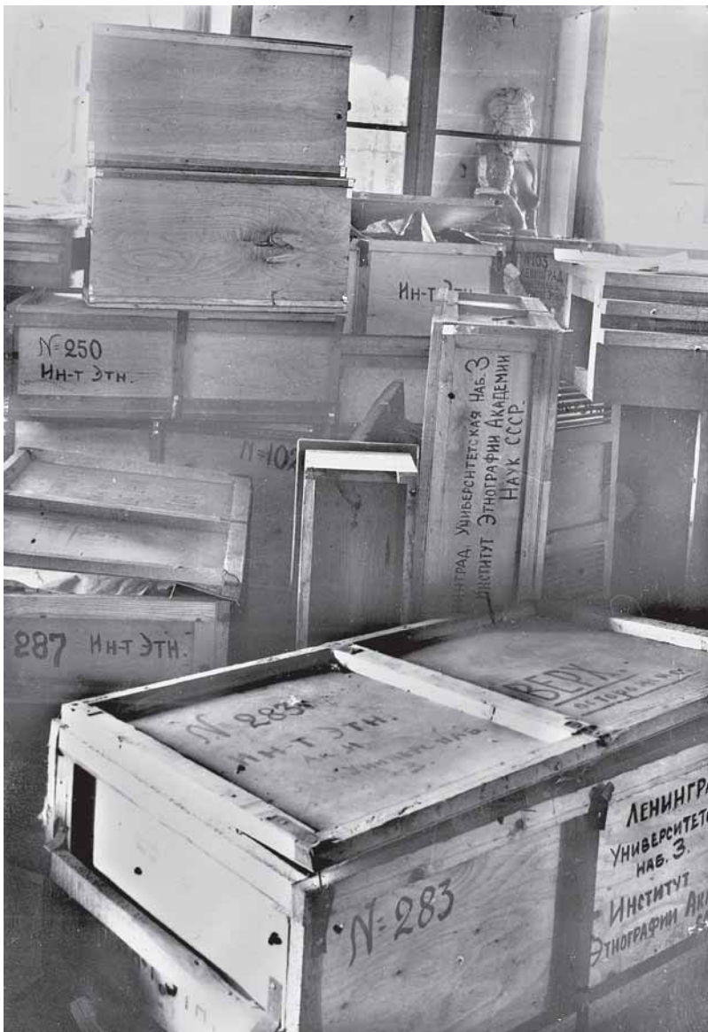
Ящики, подготовленные сотрудниками Института для эвакуации, так и остались в осажденном городе...
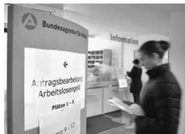
Con este nuevo dato la cifra de desempleados aumentaría de 8 a 9,7 %.

Con fecha de noviembre del 2011, casi 105 000 personas,
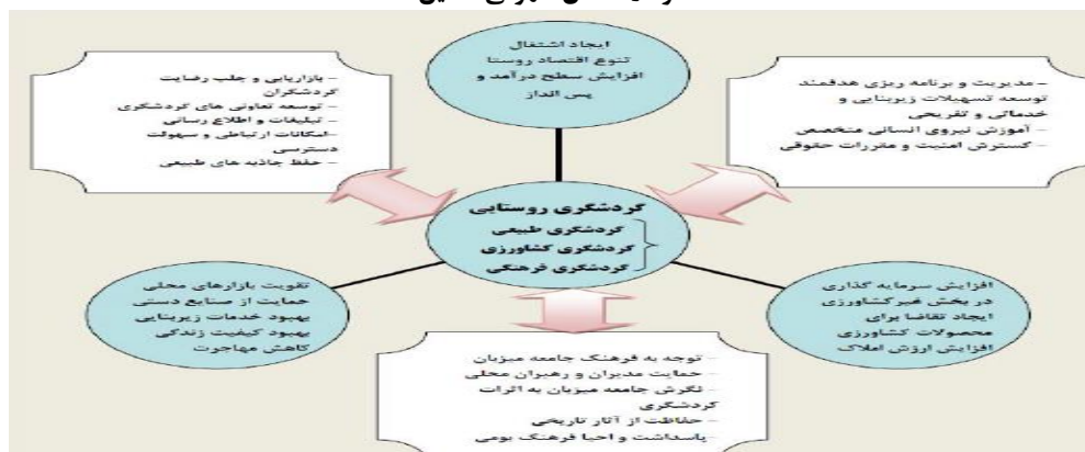
نمودار ۱: مدل مفهومی تحقیق

استخراج نگارندگان از: فضیله خانی و همکاران، ۱۳۹۱، ۸
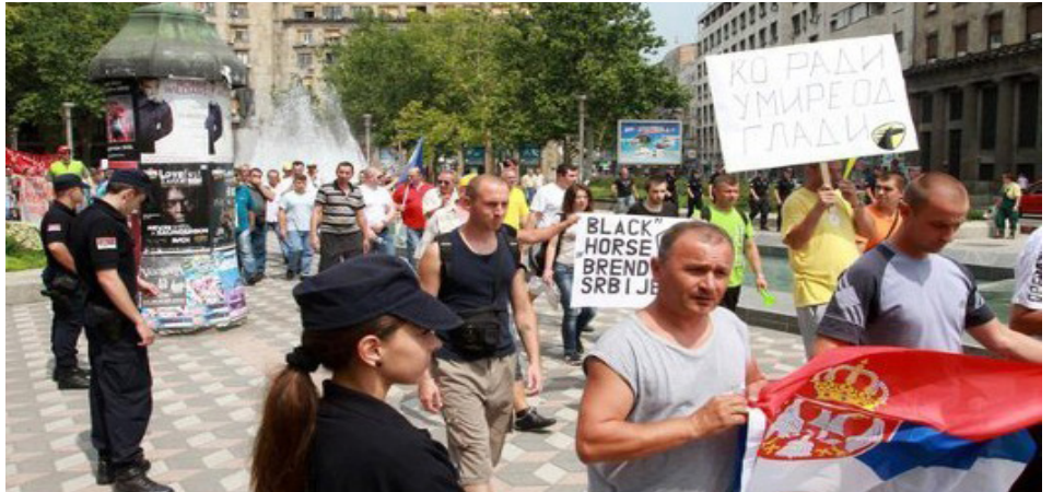
Fotografija sa jednog od protesta radnika FAS-a u Beogradu

Za pomoć u borbi za isplatu zaostalih zarada, radnici FAS-a, kao i radnici i radnice ostalih firmi, koji su zakinuti za sopstvene zarade i ostala radnička prava, mogu nas kontaktirati na: 063 1165551.
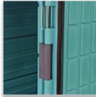
Articulation caisse/porte à double axe. Porte à ouverture 270°
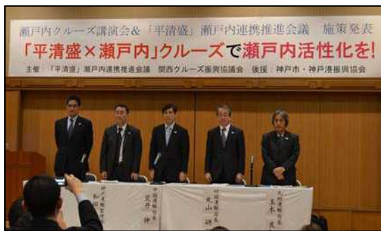
※会議を3局から5局に拡大。「瀬戸内クルーズ講演会」の開催、施策発表を行った。
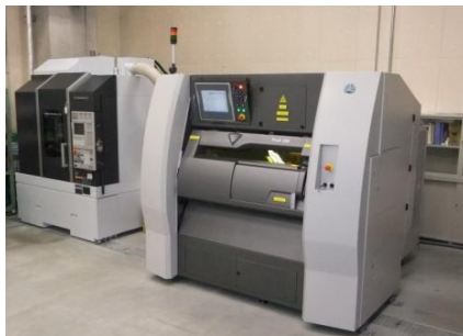
ラボ1（金属粉末積層造形支援）
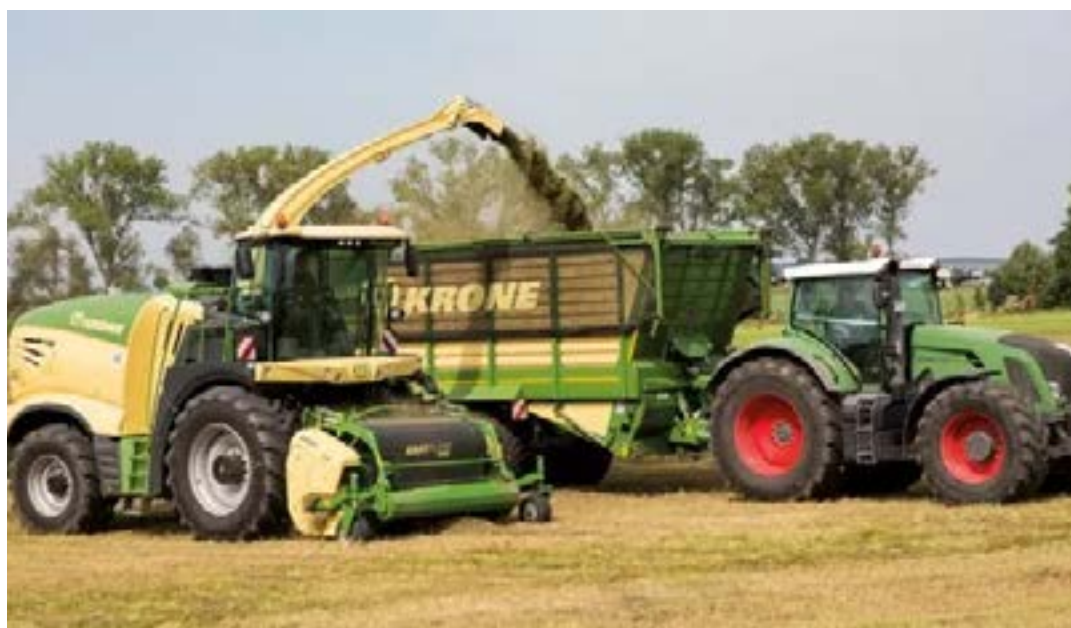
O agronegócio tem aumentado a sua demanda por novas formas de acesso a consórcio para aquisição de maquinários agrícolas

taxas mais atrativas e de forma mais célere, o que também gera o aumento da competitividade no setor. "Ainda, em razão do open finance, houve o aumento das possibilidades para os consumidores, quando iniciou-se o compartilhamento de dados das instituições financeiras com o BC, trazendo melhores taxas com melhores condições de pagamento, soluções mais personalizadas e menos burocracia e demora para conseguir oferecer um produto ou serviço para o cliente", salienta a advogada. O processo de modernização do ambiente regulatório no país vem favorecendo cada vez mais a oferta de crédito, seja por meio de fintechs e cooperativas, com taxas de juros mais competitivas e processos menos burocráticos. (Portal Comprerural)
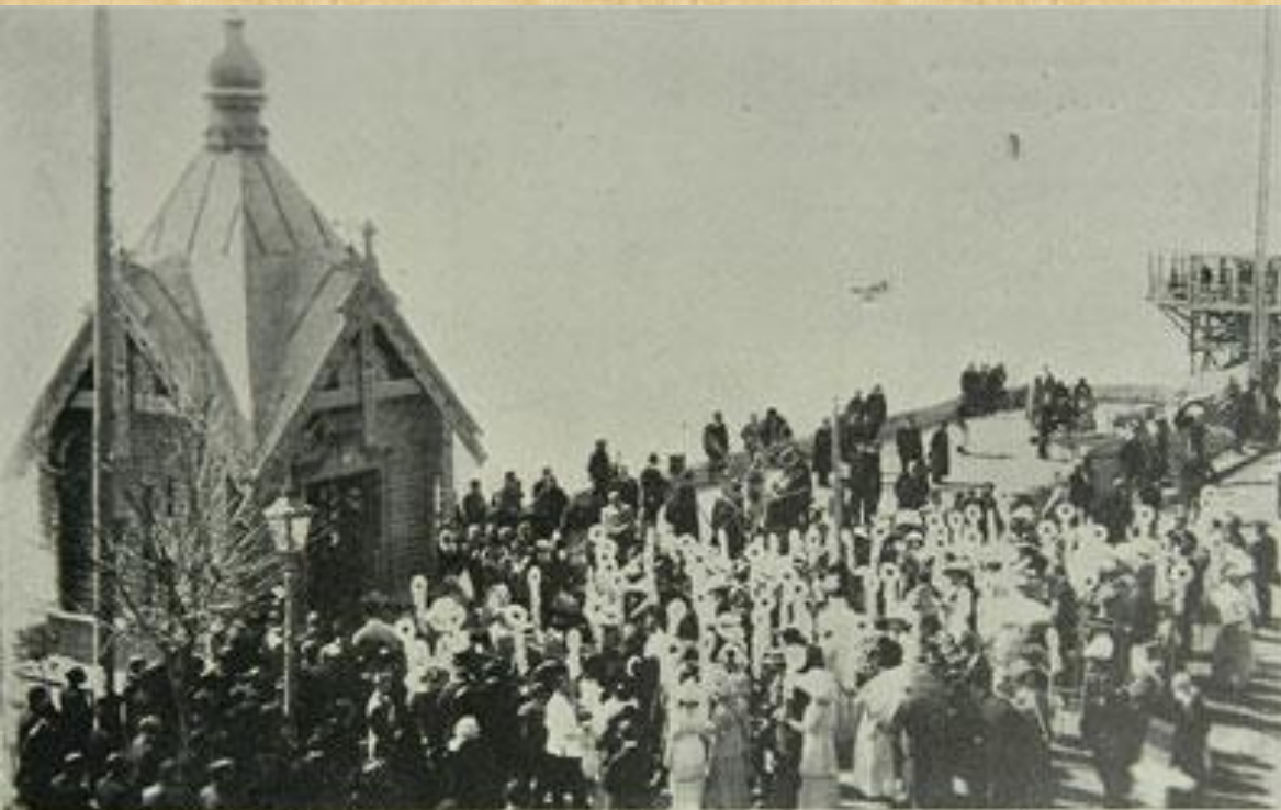
Ялта. Молебствие у часовни на набережной в день «блага цветка».

С 1911 по инициативе Государя Николая II, «Дни цветков» стали проводится во многих городах России. В поддержку акции в День Белого цветка про-водили благотворитель-ные базары, работали

Exercise: Leaving the pictures aside, give back all the records exactly as they are.

Solution to the exercise:
Ящики, подготовленные сотрудниками Института для эвакуации, так и остались в осажденном городе...
Con este nuevo dato la cifra de desempleados aumentaría de 8 a 9,7 %.

Con fecha de noviembre del 2011, casi 105 000 personas,
نمودار ۱: مدل مفهومی تحقیق

استخراج نگارندگان از: فضیله خانی و همکاران، ۱۳۹۱، ۸
Fotografija sa jednog od protesta radnika FAS-a u Beogradu

Za pomoć u borbi za isplatu zaostalih zarada, radnici FAS-a, kao i radnici i radnice ostalih firmi, koji su zakinuti za sopstvene zarade i ostala radnička prava, mogu nas kontaktirati na: 063 1165551.
Articulation caisse/porte à double axe. Porte à ouverture 270°
※会議を3局から5局に拡大。「瀬戸内クルーズ講演会」の開催、施策発表を行った。
ラボ1（金属粉末積層造形支援）
O agronegócio tem aumentado a sua demanda por novas formas de acesso a consórcio para aquisição de maquinários agrícolas

taxas mais atrativas e de forma mais célere, o que também gera o aumento da competitividade no setor. "Ainda, em razão do open finance, houve o aumento das possibilidades para os consumidores, quando iniciou-se o compartilhamento de dados das instituições financeiras com o BC, trazendo melhores taxas com melhores condições de pagamento, soluções mais personalizadas e menos burocracia e demora para conseguir oferecer um produto ou serviço para o cliente", salienta a advogada. O processo de modernização do ambiente regulatório no país vem favorecendo cada vez mais a oferta de crédito, seja por meio de fintechs e cooperativas, com taxas de juros mais competitivas e processos menos burocráticos. (Portal Comprerural)
Ялта. Молебствие у часовни на набережной в день «блага цветка».

С 1911 по инициативе Государя Николая II, «Дни цветков» стали проводится во многих городах России. В поддержку акции в День Белого цветка про-водили благотворитель-ные базары, работали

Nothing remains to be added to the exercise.